• **What is expected**: Restate each line below word for word, skipping every picture.

[Data to process Boundary: Start]

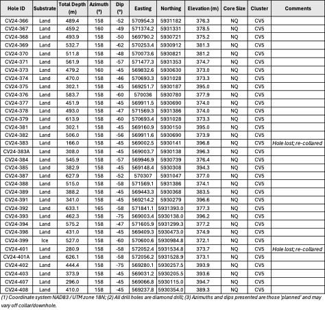 - Le programme de forage de l’hiver 2024 (maintenant terminé) a totalisé 62 518 m (166 sondages), incluant 50 961 m (121 sondages) à CV5 et 11 557 m (45 sondages) à CV13, dont 46 933 m (132 sondages) restent à publier.
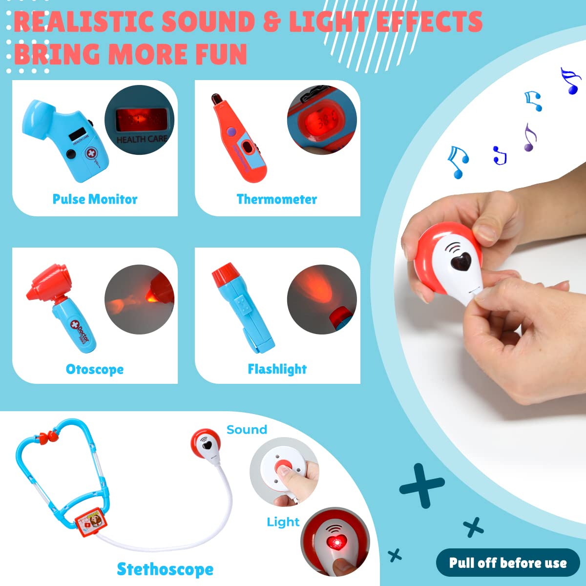 A Chance to Experience Doctor Dentist, Ease the Fear of Doctor Visit. This doctor toy set features enough medical tools for your girls pretend to play the role of doctor, dentist or patient, learn more about the healthy knowledge and ease anxieties about check-ups. It is good for familiarizing your little girls with any medical tools and “seeing a doctor”procedures to calm doctor-related fears.
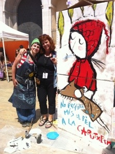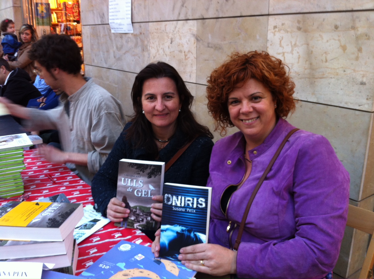 Amb Carolina Solé, autora del llibre Ulls de gel/Ojos de Hielo a la signatura de llibres de la Llibreria La mulassa, Sant Jordi 2013. [abril 2013]
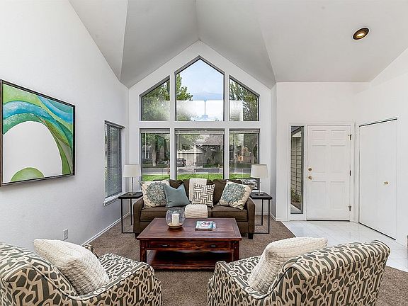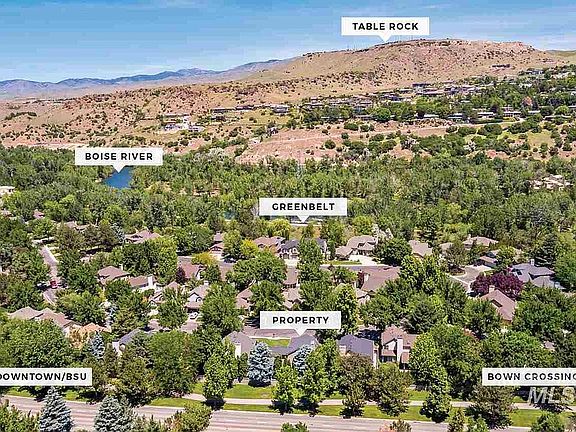 Highly desirable location in Spring Meadow Sub. The Greenbelt and Boise River are steps away! Open, airy floor plan, lots of natural light. Living and dining areas with soaring ceilings and big windows. Great kitchen with lots of cabinets, tiled flooring, breakfast bar, pantry & white appliances. Family room with fireplace & patio access. Nice vaulted master suite with fireplace, dual vanities, walk in closet and oversized shower. Walking distance to schools, shopping and Bown Crossing.
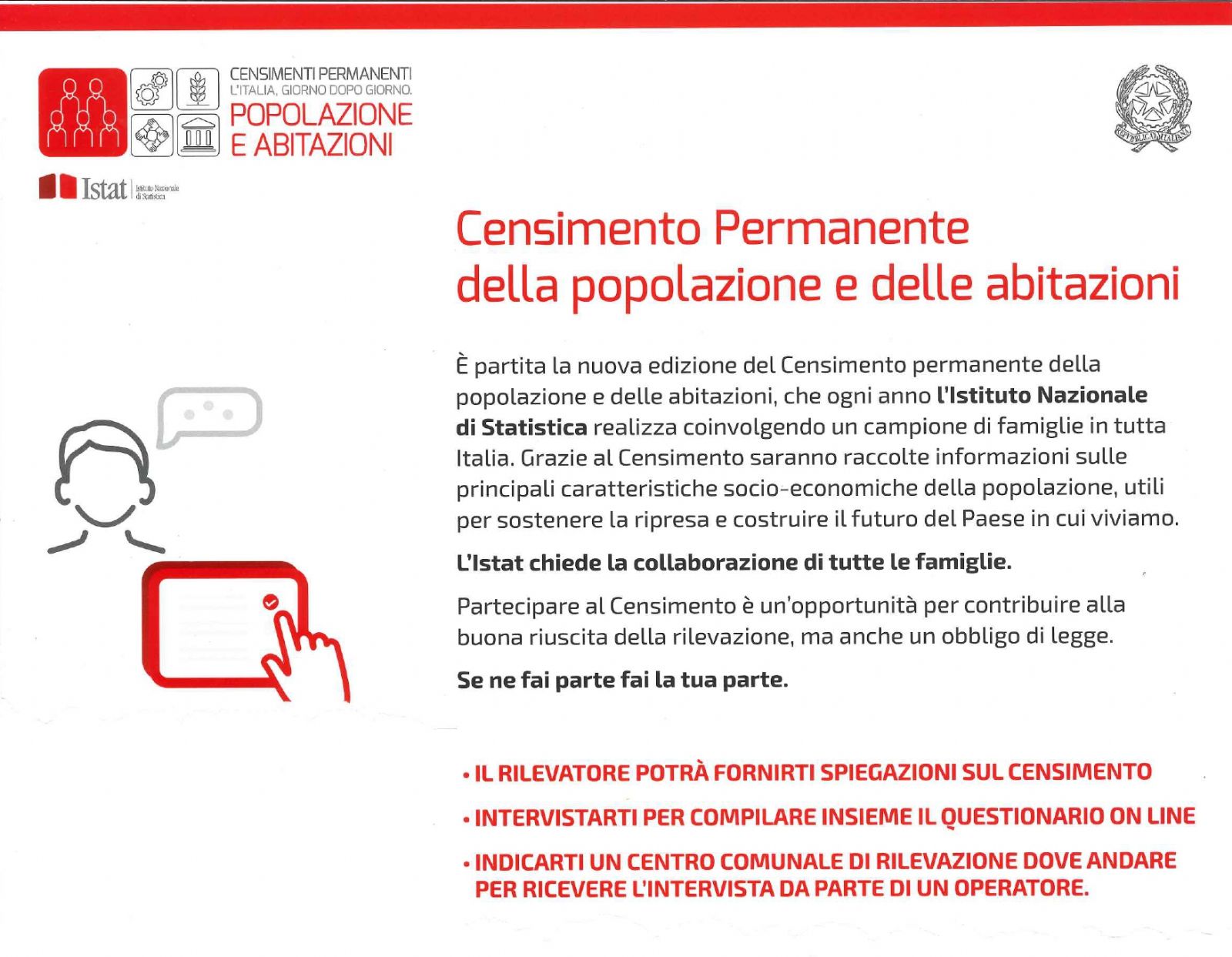 Attenzione però: la rilevazione non coinvolgerà tutta la popolazione, come avveniva un tempo, ma solo le famiglie scelte dall’Istituto nazionale di statistica, le quali verranno contattate tramite lettera direttamente dall’Istat o con visita dei rilevatori muniti di cartellino identificativo.
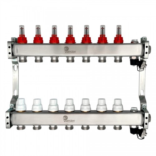 Коллектор Wester нерж. 1"-3/4 в сборе с расходомерами на 7 выходов, MUFS7134

[Data to process Boundary: End]

• **Task output**:
 - Le programme de forage de l’hiver 2024 (maintenant terminé) a totalisé 62 518 m (166 sondages), incluant 50 961 m (121 sondages) à CV5 et 11 557 m (45 sondages) à CV13, dont 46 933 m (132 sondages) restent à publier.
 A Chance to Experience Doctor Dentist, Ease the Fear of Doctor Visit. This doctor toy set features enough medical tools for your girls pretend to play the role of doctor, dentist or patient, learn more about the healthy knowledge and ease anxieties about check-ups. It is good for familiarizing your little girls with any medical tools and “seeing a doctor”procedures to calm doctor-related fears.
 Amb Carolina Solé, autora del llibre Ulls de gel/Ojos de Hielo a la signatura de llibres de la Llibreria La mulassa, Sant Jordi 2013. [abril 2013]
 Highly desirable location in Spring Meadow Sub. The Greenbelt and Boise River are steps away! Open, airy floor plan, lots of natural light. Living and dining areas with soaring ceilings and big windows. Great kitchen with lots of cabinets, tiled flooring, breakfast bar, pantry & white appliances. Family room with fireplace & patio access. Nice vaulted master suite with fireplace, dual vanities, walk in closet and oversized shower. Walking distance to schools, shopping and Bown Crossing.
 Attenzione però: la rilevazione non coinvolgerà tutta la popolazione, come avveniva un tempo, ma solo le famiglie scelte dall’Istituto nazionale di statistica, le quali verranno contattate tramite lettera direttamente dall’Istat o con visita dei rilevatori muniti di cartellino identificativo.
 Коллектор Wester нерж. 1"-3/4 в сборе с расходомерами на 7 выходов, MUFS7134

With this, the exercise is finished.